1. Load all third party libraries after window.load - To start with, all the javascript required for social sharing widgets eg Facebook like button should be loaded asynchronously.As a second step, move the script tags from the html page to a JavaScript(JS) file and bind the asynchronous loading of the external JS libraries to window.loadevent. For example, to load FB Like Button, place the following code in the JS file included in the head
$(window).load(function(){
(function(d){
var js, id = 'facebook-jssdk',
ref = d.getElementsByTagName('script')[0];
if (d.getElementById(id)) {return;}
js = d.createElement('script'); js.id = id; js.async = true;
js.src = "//connect.facebook.net/en_US/all.js";
ref.parentNode.insertBefore(js, ref);
}(document));
}

And this is how our new relic graph looked like after we made this change.

ThirdPartWidgets

2. Asynchronously Load Jquery - Another useful trick is to load jQuery asynchronously so that other components on the page are not blocked.We used jql plugin which can be inlined in the HTML page.You don’t have to worry about missing document.ready( ) calls since jQl automatically catches all jQuery().ready() calls and executes them as soon as jQuery is loaded and the DOM is ready.

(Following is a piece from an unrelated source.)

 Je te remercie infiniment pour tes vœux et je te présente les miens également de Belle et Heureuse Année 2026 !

3. Combine and Compress - Combining the JS files help in eliminating the initial DNS lookup and TCP connection components that goes in every request. This is very evident from Yslow requests but an interesting tweak to this will be conditional compiling.For example let’s say your page requires jquery, file1.js, logged_in.js, logged_out.js.

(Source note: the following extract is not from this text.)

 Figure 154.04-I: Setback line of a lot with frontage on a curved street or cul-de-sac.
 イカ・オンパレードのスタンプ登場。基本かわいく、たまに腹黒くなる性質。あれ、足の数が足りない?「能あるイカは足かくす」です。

Conditional compiling should give you combined_logged_in.js[jquery+file1.js+logged_in.js] and combined_logged_out.js[jquery+file1.js+logged_out.js]

For compressing JS , closure compiler is known to give the best results.

4. Smarter JS packaging - SlideShare has different functionality for logged in and logged out users. We load only base files for logged out users and additional JS files when the user logs in.Similarly the HTML5 player loads different type of combined JS files depending on the content type say presentations or documents.There is also a possibility that some plugins that you added initially are not being used anymore. Removing them is the first step towards minimizing size of assets that block page load.

5. Defer loading of JS - The main component of SlideShare which is the HTML5 player needs to be loaded as fast as possible. For this we are dependent on document.ready event. Therefore,the JS that is required for above the fold functionality is minimal and is loaded quite early.The other JS that is required for additional user functionality is loaded after window.load.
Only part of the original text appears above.